Я не чувствовал за собой вины за то, что пырнул Джемта ножом. Ни на секунду. Но мне было обидно, что Мейкэл оказался настолько слабоумен, что даже ненависти ко мне не испытывал, поглощенный каким-то мороком, затуманившим его разум. Я подумал о часах, тикавших на моем запястье. Обо всех этих разумно придуманных колесиках внутри колесиков, вращающихся и вращаемых, непрерывно кусающихся зубцами, не оставляющих после себя ни единой крупинки, но попади внутрь тоненький человеческий волосок, и весь механизм остановится, разрушится, станет бесполезным. Мне хотелось знать, что и в какой момент попало в мозг Мейкэла. Что переломало колесики в его голове?
– Позови Макина, – приказал я.
Мейкэл натянул поводья, и серая остановилась. Я видел, как Роу мрачно нахмурился, он проиграл пари. Боль волнами катила ото лба к затылку, и от этого зеленые склоны гор омывались красным.
– Иногда мне кажется, что ты держишь его подле себя только ради того, чтобы осчастливить серую кобылу, – произнес Макин. Я не заметил, как он подъехал.
– Хочу, чтобы ты научил меня владеть мечом, – сказал я.
– Ты умеешь…
– Я тоже так думал, – перебил я его. – Но сейчас я хочу заняться этим всерьез. То, что случилось… – я тронул рукой голову, и мои пальцы окрасились красным, – не должно повториться.
– Ну, во всяком случае, это королевское занятие, – сказал Макин. – Учит владеть собой. Припомни, сколько раз ты брал в руки меч с тех пор, как мы осели в Логове?

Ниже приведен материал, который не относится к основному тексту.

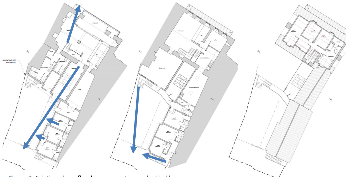
Figure 3: Existing plans- flood escape routes marked in blue
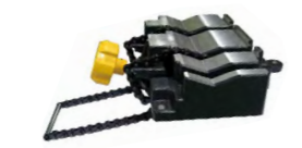
CHAIN VICE UNIT 475190
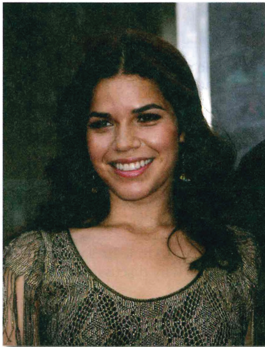
TV and movie star America Ferrera
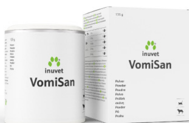
Powder for the allergy stricken
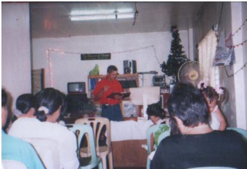
The word of God being taught in Cagayan de Oro City, Philippines

We think a lot of things that seem right and good to us and sometimes we will read something in the scriptures that would seem to verify what we would think. We take that and base our belief on that. Not going ahead and searching the rest of the scriptures to see what it has to say about it. When we do we find oftentimes that the scriptures contradict what we have concluded which makes it necessary that we come to a whole different conclusion based on the scripture not our own thoughts.
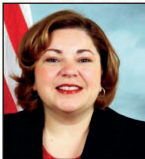
Congresswoman Linda Sanchez
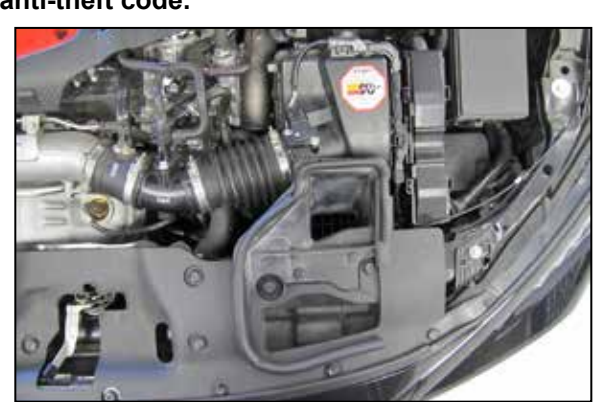
2. Disconnect the mass air sensor electrical connection and unhook the harness from the air filter housing.

NOTE: Disconnecting the negative battery cable erases pre-programmed electronic memories. Write down all memory settings before disconnecting the negative battery cable. Some radios will require an anti-theft code to be entered after the battery is reconnected. The anti-theft code is typically supplied with your owner's manual. In the event your vehicles anti-theft code cannot be recovered, contact an authorized dealership to obtain your vehicles anti-theft code.
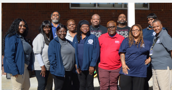
Office of Recreation Custodial Team
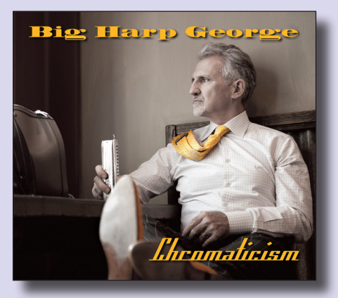
Chromaticism - 2014

"For its combination of songwriting, musicianship, and its relaxed, unforced approach [Uptown Cool] is clearly one of the strongest blues releases this year." — Jim Hynes, Making a Scene!
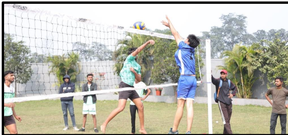
Figure 28: Volleyball match in progress
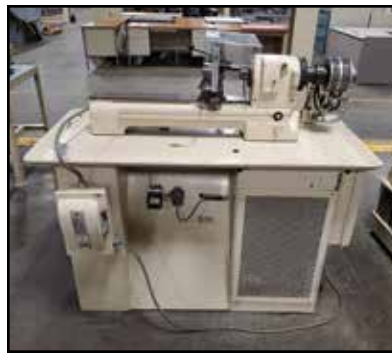
HARDINGE DV59 Super Precision Lathe
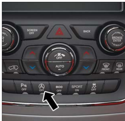
STOP/START Off Switch

The system will stop the engine automatically during a vehicle stop if the required conditions are met.
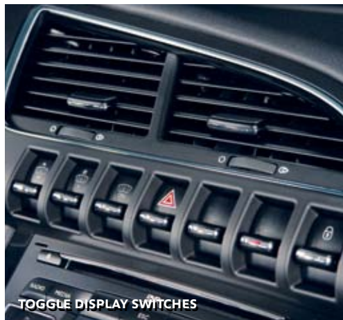
TOGGLE DISPLAY SWITCHES
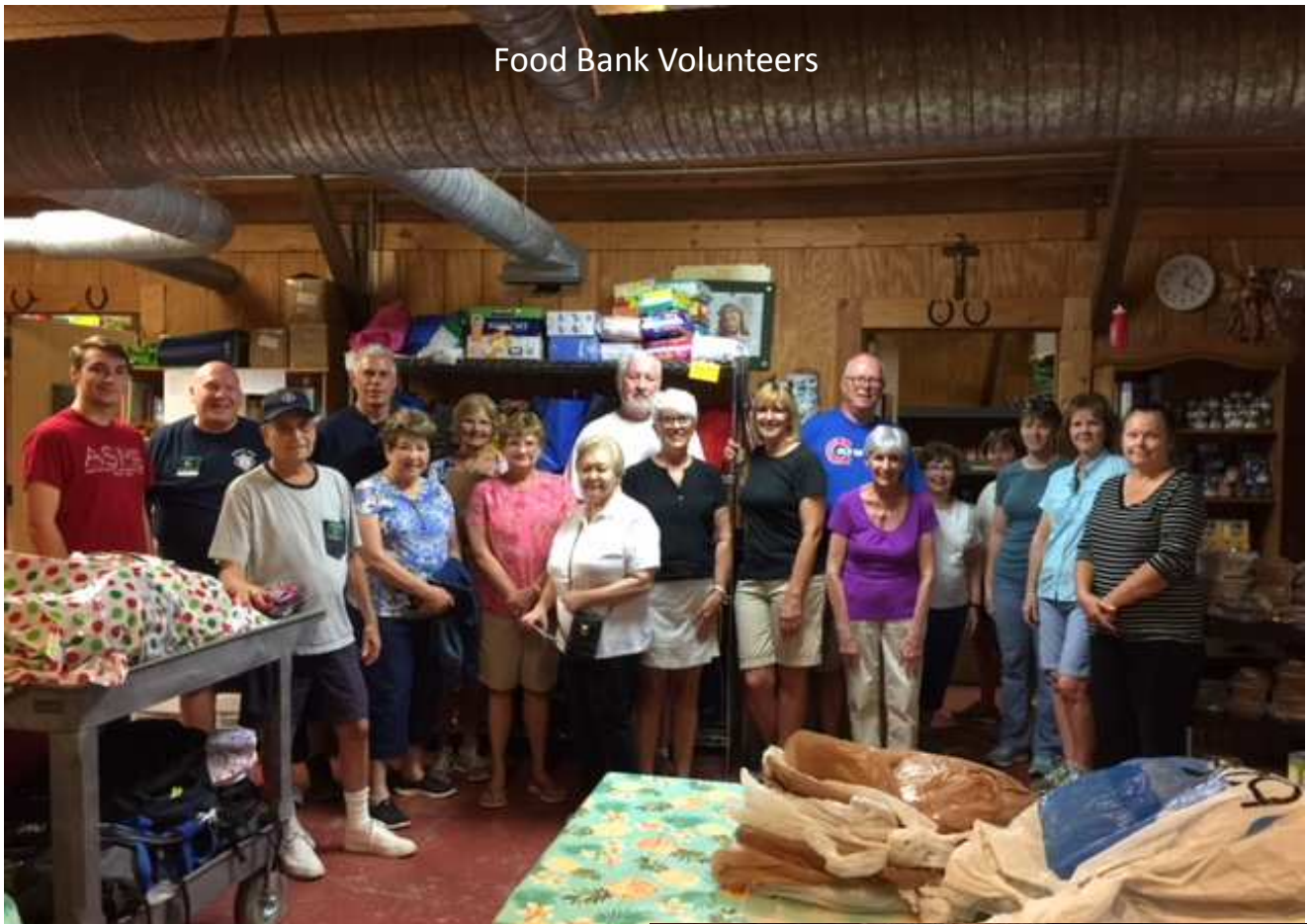
Food Bank Volunteers

Я пожал плечами, будь моя воля, я б к нему вообще не прикасался. Зубы заскрежетали от новой волны боли.
Макин усмехнулся:
– Мне говорили, ты не пропустил ни одной служанки в замке, неустанно занимался производством бастардов.
«Хорошо быть королем. За исключением тех случаев, когда тебя бьют по голове мечом».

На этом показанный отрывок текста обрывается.